Data provided Block Start
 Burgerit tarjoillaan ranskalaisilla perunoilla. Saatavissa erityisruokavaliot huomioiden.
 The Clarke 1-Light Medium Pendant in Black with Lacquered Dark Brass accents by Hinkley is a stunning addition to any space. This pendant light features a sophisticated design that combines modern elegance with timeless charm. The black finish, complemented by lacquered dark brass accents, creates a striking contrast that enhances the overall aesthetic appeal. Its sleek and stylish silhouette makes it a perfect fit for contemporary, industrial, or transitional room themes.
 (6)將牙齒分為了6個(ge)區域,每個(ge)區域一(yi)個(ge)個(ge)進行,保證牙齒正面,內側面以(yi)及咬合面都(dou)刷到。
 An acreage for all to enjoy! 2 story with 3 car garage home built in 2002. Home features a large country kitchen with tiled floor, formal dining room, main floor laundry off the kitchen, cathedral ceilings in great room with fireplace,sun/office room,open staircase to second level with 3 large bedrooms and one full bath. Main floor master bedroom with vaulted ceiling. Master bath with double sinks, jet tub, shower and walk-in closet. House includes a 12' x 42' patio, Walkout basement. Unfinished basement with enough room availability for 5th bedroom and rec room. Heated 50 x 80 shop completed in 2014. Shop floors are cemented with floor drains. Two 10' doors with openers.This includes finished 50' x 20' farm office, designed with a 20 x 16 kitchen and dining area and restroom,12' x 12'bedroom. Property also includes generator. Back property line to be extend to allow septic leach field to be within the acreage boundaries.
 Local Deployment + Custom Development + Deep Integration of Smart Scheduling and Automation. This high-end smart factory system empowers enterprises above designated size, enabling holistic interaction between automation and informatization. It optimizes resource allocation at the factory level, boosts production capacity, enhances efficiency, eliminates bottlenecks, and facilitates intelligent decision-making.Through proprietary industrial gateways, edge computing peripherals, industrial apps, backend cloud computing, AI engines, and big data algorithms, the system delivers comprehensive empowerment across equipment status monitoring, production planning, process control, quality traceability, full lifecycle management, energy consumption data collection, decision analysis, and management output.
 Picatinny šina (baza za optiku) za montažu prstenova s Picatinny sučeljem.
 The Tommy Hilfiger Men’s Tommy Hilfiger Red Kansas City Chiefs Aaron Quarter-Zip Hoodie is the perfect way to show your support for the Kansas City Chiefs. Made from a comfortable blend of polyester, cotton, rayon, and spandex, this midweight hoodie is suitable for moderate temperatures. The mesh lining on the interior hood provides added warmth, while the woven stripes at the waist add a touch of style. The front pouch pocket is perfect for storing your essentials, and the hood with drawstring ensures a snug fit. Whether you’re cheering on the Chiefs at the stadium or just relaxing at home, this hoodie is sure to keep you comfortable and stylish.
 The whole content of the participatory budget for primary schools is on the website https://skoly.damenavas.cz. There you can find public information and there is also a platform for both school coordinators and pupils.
Data provided Block End
### Activity
Output only the lines from the top of the entries through the one holding "(6)將牙齒分為了6個(ge", copied exactly.

### Answer space
 Burgerit tarjoillaan ranskalaisilla perunoilla. Saatavissa erityisruokavaliot huomioiden.
 The Clarke 1-Light Medium Pendant in Black with Lacquered Dark Brass accents by Hinkley is a stunning addition to any space. This pendant light features a sophisticated design that combines modern elegance with timeless charm. The black finish, complemented by lacquered dark brass accents, creates a striking contrast that enhances the overall aesthetic appeal. Its sleek and stylish silhouette makes it a perfect fit for contemporary, industrial, or transitional room themes.
 (6)將牙齒分為了6個(ge)區域,每個(ge)區域一(yi)個(ge)個(ge)進行,保證牙齒正面,內側面以(yi)及咬合面都(dou)刷到。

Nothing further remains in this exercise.